(Dataset records)
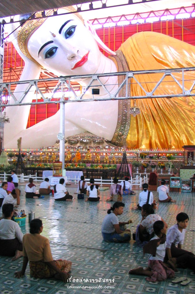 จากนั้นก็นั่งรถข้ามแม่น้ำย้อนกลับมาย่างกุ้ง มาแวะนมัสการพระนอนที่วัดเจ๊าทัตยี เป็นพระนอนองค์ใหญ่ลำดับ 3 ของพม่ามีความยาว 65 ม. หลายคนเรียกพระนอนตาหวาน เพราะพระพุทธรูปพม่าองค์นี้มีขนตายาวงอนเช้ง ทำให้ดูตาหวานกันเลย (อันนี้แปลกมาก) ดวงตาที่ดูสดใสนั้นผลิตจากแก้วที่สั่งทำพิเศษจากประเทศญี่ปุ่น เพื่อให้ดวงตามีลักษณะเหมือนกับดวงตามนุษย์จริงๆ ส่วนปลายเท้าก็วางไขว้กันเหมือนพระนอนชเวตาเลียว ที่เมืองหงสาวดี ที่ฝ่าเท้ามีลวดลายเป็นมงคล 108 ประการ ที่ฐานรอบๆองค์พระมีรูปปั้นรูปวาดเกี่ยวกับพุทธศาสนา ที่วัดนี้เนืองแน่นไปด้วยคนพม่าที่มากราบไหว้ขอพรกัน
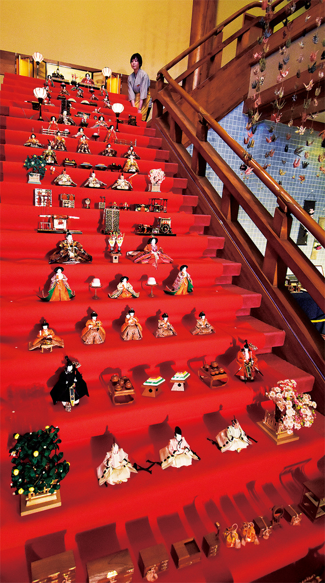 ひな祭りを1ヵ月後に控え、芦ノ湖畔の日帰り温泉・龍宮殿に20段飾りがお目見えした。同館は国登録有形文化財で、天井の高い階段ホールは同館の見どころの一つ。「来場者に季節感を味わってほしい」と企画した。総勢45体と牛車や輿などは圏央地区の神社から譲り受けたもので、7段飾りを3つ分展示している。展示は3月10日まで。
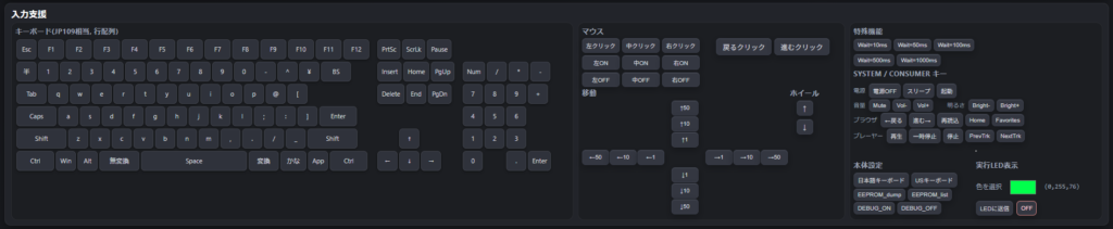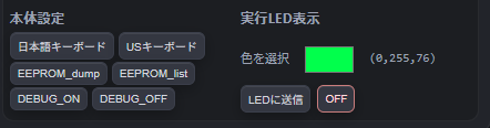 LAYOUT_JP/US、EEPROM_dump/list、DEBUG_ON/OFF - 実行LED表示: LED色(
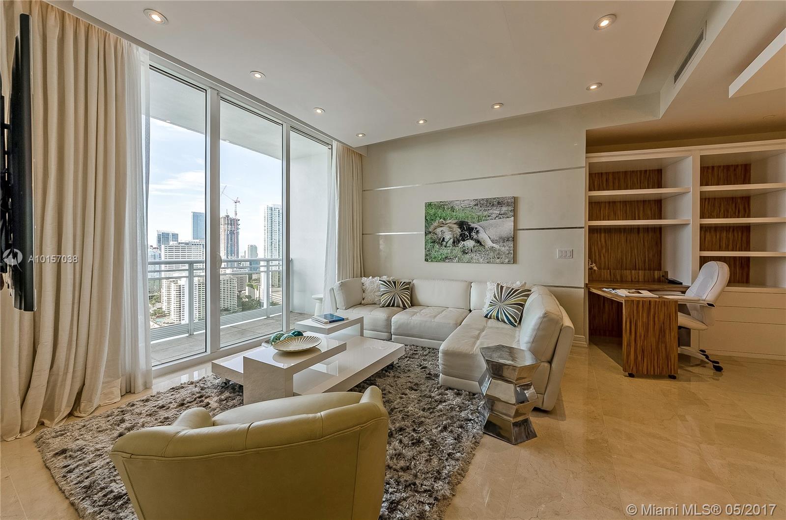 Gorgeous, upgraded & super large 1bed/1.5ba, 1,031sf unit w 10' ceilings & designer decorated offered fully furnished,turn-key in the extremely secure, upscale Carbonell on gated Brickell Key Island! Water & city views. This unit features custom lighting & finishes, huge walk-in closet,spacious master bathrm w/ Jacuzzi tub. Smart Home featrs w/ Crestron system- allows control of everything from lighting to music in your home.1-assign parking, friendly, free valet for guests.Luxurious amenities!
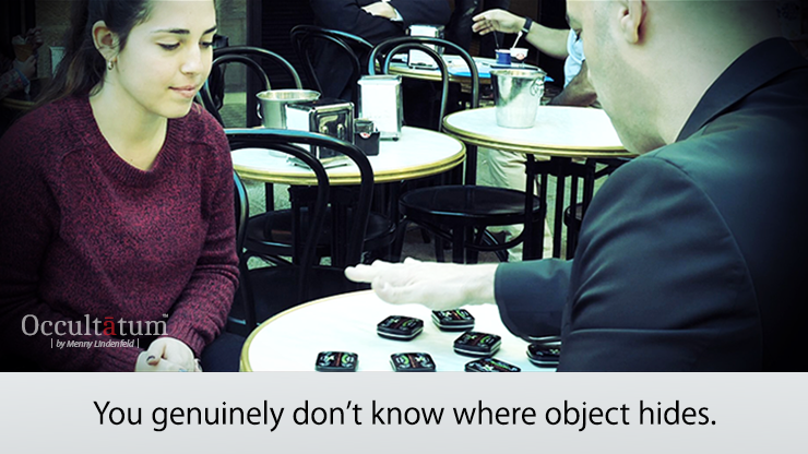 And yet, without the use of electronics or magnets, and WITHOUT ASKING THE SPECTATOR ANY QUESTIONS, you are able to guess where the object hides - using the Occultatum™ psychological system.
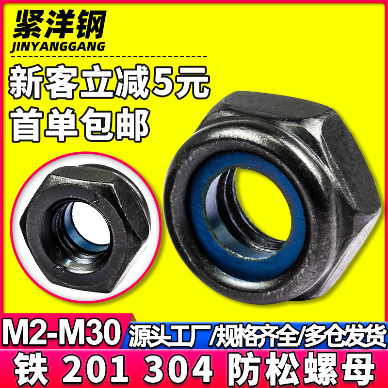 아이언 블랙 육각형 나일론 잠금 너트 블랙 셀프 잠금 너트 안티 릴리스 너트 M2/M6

▸ **Work task**: Please quote exactly the run of lines that starts the entries and ends at the line containing "ひな祭りを1ヵ月後に控え、芦", leaving out every picture.

▸ **Answer section**:
 จากนั้นก็นั่งรถข้ามแม่น้ำย้อนกลับมาย่างกุ้ง มาแวะนมัสการพระนอนที่วัดเจ๊าทัตยี เป็นพระนอนองค์ใหญ่ลำดับ 3 ของพม่ามีความยาว 65 ม. หลายคนเรียกพระนอนตาหวาน เพราะพระพุทธรูปพม่าองค์นี้มีขนตายาวงอนเช้ง ทำให้ดูตาหวานกันเลย (อันนี้แปลกมาก) ดวงตาที่ดูสดใสนั้นผลิตจากแก้วที่สั่งทำพิเศษจากประเทศญี่ปุ่น เพื่อให้ดวงตามีลักษณะเหมือนกับดวงตามนุษย์จริงๆ ส่วนปลายเท้าก็วางไขว้กันเหมือนพระนอนชเวตาเลียว ที่เมืองหงสาวดี ที่ฝ่าเท้ามีลวดลายเป็นมงคล 108 ประการ ที่ฐานรอบๆองค์พระมีรูปปั้นรูปวาดเกี่ยวกับพุทธศาสนา ที่วัดนี้เนืองแน่นไปด้วยคนพม่าที่มากราบไหว้ขอพรกัน
 ひな祭りを1ヵ月後に控え、芦ノ湖畔の日帰り温泉・龍宮殿に20段飾りがお目見えした。同館は国登録有形文化財で、天井の高い階段ホールは同館の見どころの一つ。「来場者に季節感を味わってほしい」と企画した。総勢45体と牛車や輿などは圏央地区の神社から譲り受けたもので、7段飾りを3つ分展示している。展示は3月10日まで。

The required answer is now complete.